Армен отхлебнул коньяк из уже третьего бокала и выжидающе посмотрел на меня.
— Так что именно вас интересует? Хотите купить?
— Не отказался бы. У кого в Одессе могут быть её работы?
— На той самой выставке в 1989 году все работы были музейными. И только две из частных коллекций.
Я задержал дыхание.
— И чьи это коллекции?
— Одна работа у Михаила Евгеньевича Орловского.
— Дадите его номер?
— Записывайте.
Не веря своему счастью, я записал телефон.
— Спасибо. Ну а вам самому что-то из работ Экстер попадалось?
Армен опять внимательно на меня посмотрел.
— Да. Попадалось. Но мне пора идти. Честь имею.
Он неторопливо надел куртку, застегнул её на все пуговицы, потом надел кепку и взял в руки портфель.
— Если что, набирайте. Мой номер у вас есть.

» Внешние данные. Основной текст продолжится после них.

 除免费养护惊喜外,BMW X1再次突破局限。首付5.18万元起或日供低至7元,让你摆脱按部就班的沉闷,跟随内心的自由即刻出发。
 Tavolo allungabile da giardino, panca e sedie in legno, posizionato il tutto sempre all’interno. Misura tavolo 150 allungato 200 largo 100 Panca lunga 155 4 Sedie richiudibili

Я в последний момент сообразил дать ему визитку.
Из глубокой задумчивости меня вывел голос официанта:
— За коньяк платить будете?
— Да, конечно.
Первая встреча — и уже результаты. Чтобы успокоить волнение, я решил немного прогуляться. Пошёл вниз, к художественному училищу. От городского сада до него — всего два квартала. Вот библиотека университета, рядом с ней — дом Иосифа Тимченко, в котором он изобрёл первый в мире киноаппарат. Чуть дальше, через дорогу — здание училища.

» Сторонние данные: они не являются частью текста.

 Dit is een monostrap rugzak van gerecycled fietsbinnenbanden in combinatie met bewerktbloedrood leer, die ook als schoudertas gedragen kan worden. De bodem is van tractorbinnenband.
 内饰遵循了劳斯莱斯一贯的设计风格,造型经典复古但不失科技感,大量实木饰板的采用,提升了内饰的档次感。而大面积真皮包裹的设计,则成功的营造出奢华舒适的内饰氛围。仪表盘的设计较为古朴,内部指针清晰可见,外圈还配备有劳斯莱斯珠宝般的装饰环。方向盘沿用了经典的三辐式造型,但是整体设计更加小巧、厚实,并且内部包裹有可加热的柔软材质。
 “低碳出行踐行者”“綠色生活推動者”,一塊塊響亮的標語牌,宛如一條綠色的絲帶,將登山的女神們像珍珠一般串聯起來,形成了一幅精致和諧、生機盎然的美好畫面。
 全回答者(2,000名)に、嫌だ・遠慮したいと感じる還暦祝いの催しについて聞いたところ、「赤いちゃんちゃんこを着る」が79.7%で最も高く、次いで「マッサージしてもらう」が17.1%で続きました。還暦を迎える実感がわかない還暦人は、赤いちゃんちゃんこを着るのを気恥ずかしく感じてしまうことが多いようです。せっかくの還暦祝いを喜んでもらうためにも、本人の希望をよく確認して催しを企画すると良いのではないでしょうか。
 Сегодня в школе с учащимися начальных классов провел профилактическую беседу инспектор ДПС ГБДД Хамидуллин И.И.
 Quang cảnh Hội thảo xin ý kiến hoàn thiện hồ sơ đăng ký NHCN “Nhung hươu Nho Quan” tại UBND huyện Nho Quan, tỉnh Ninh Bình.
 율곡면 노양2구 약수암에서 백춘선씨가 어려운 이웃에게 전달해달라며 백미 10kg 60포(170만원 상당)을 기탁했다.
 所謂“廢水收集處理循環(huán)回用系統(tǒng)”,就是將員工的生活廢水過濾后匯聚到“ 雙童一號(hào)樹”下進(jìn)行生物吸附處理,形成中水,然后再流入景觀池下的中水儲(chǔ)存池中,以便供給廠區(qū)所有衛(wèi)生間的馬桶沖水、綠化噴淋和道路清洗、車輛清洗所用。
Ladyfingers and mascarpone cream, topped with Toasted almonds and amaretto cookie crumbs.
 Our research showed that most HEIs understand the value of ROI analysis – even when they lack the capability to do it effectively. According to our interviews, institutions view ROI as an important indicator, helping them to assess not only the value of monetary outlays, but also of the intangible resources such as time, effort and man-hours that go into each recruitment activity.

Октябрь был чудесным — тёплым и солнечным. Об осени напоминали только жёлтые листья, которыми были усыпаны тротуары.
Наискосок от училища — дом, в котором жили братья Бурлюки. Я подошёл полюбоваться профилем Давида Давидовича на недавно установленной мемориальной доске. Удивительный человек — он знал, казалось, всех значимых людей своего времени. Дружил и с Экстер, и с Кандинским. Они бывали у него в гостях тут, в квартире на верхнем этаже этого дома на Преображенской угол Софиевской. Той квартире с окнами-бойницами, где Воронцовский маяк проводил по потолку полосы своих огней.
Нужно было звонить Орловскому.
Он оказался, на удивление, невероятно любезным и тут же пригласил меня к себе домой.

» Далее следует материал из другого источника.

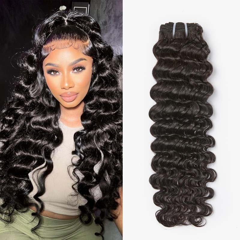 Human Hair Bundle, Wequeen Hair Bundle Human Hair 16A Brazilian Hair Bundle Wet and Wavy Extensions Deep Wave 22 Inch Natural Black
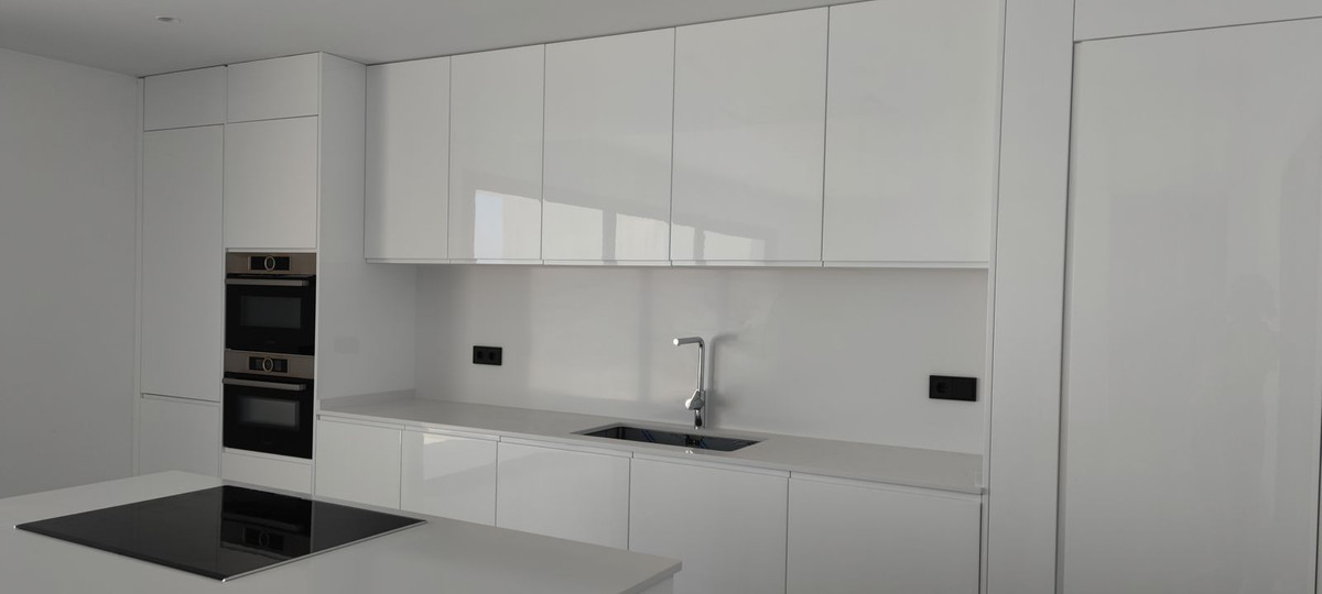A bioclimatic design means that excellent high quality materials have been used, but at the same time with the aim of reducing consumption and thus protecting the environment. SALONI 90x90 ceramic floor tiles. Certified natural OAK wood parquet. TECHNAL aluminium carpentry, with thermal bridge break, double glazing with solar control, air chamber for cold/heat insulation and security glass. Lime paints, with smooth, opaque and water vapour permeable material, free of VOC (volatile organic compounds). Installation of SCHNEIDER electrical network and mechanisms. Double-flow mechanical ventilation system with enthalpic recuperator and aerothermal support with ambient temperature and humidity control. Bathroom cladding with MORTEX micro-mortar. Natural, ecological and breathable gypsum and cellulose fibre panels. GEBERIT bathroom fittings, TRES taps, home automation for lighting control and KNX blinds.
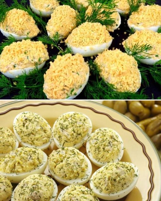Фаршированные яйца с салатом «Мимоза»: быстрая и вкусная закуска
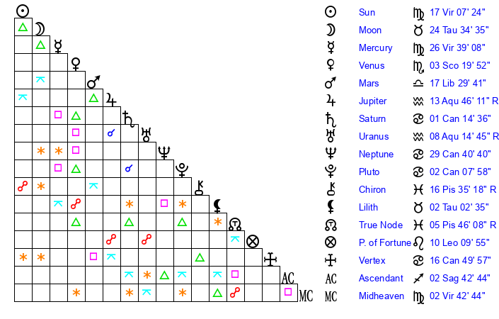 | Sun | 17 Virgo 7 | 18 Virgo 14 | 8 Capricorn 10 |
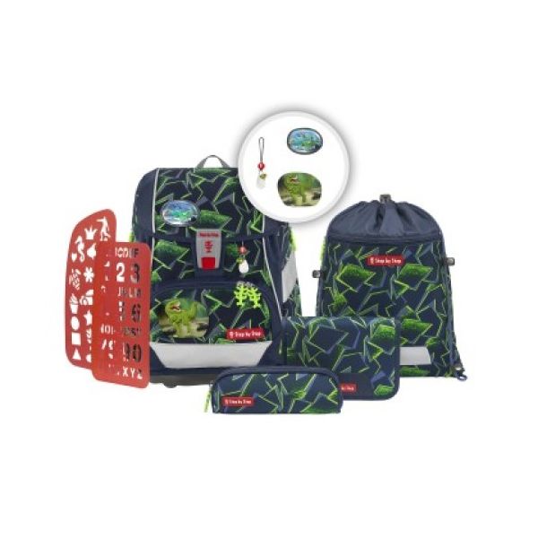 Školská aktovka/ruksak 2V1 PLUS pre prváčikov - 6-dielny Neskrotný T-Rex
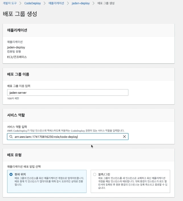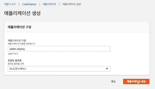 ( AWS 웹 페이지에서 CodeDeploy를 검색 -> 애플리케이션 )
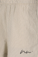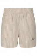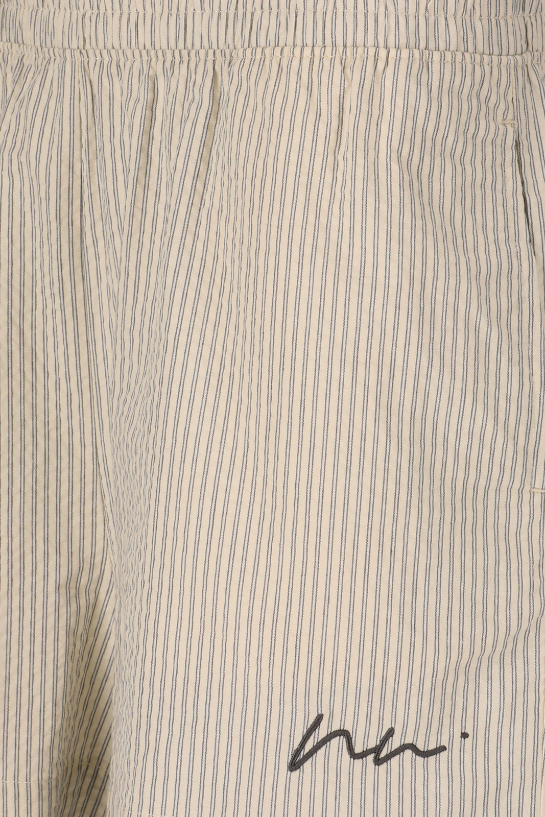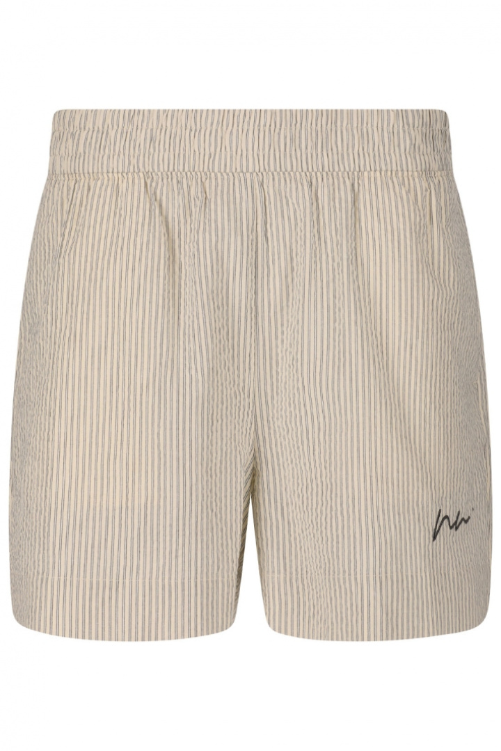 Tillverkade i 100% bomull känns de mjuka mot huden och låter huden andas, vilket gör dem sköna när det blir varmt ute. Den randiga designen ger en klassisk och tidlös estetik som enkelt kan stylas upp eller ner. Praktisk förvaring får du med öppna sidofickor som gör det enkelt att ha småprylar nära till hands utan att kompromissa med stilen. Det diskret broderade logotypen ger en exklusiv detalj som lyfter hela looken utan att överdriva.
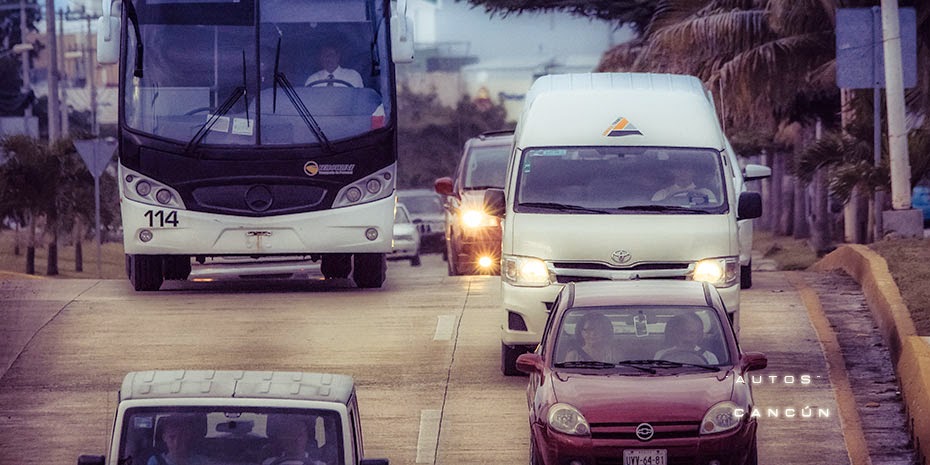 Un autobús de pasajeros emerge del paso a desnivel de la avenida Luis Donaldo Colosio llegando a Cancún al caer la noche, al fondo las luces de la ciudad dan la bienvenida a miles de locales y foráneos que circulan por este polo turístico.

Доехать на такси до Большой Арнаутской оказалось делом пяти минут.
Седой, невысокого роста, в тёплой вязаной кофте Михаил Евгеньевич пригласил меня в гостиную, все стены которой были увешаны картинами.
— Я не припомню вас на выставках. Давно вы в Нью-Йорке?
— Тридцать лет. Я уезжал почти сразу после школы. Собирался поступать в художественное училище, но родители заявили категорически, что сначала нужно получить высшее образование. Получал его уже в Нью-Йорке.
— Раз собирались поступать в училище, значит, занимались рисованием?
— Да, в студии Юрия Николаевича Вольского во Дворце пионеров. Пять лет.
— А кем работаете, если не секрет?
— Конечно, не секрет. Инвестиционным банкиром. В общем, помогаю богатым стать ещё богаче. А свободное время посвящаю искусству. Покупать живопись начал уже в Америке. Пытаюсь собирать авангард — насколько позволяют средства и знания.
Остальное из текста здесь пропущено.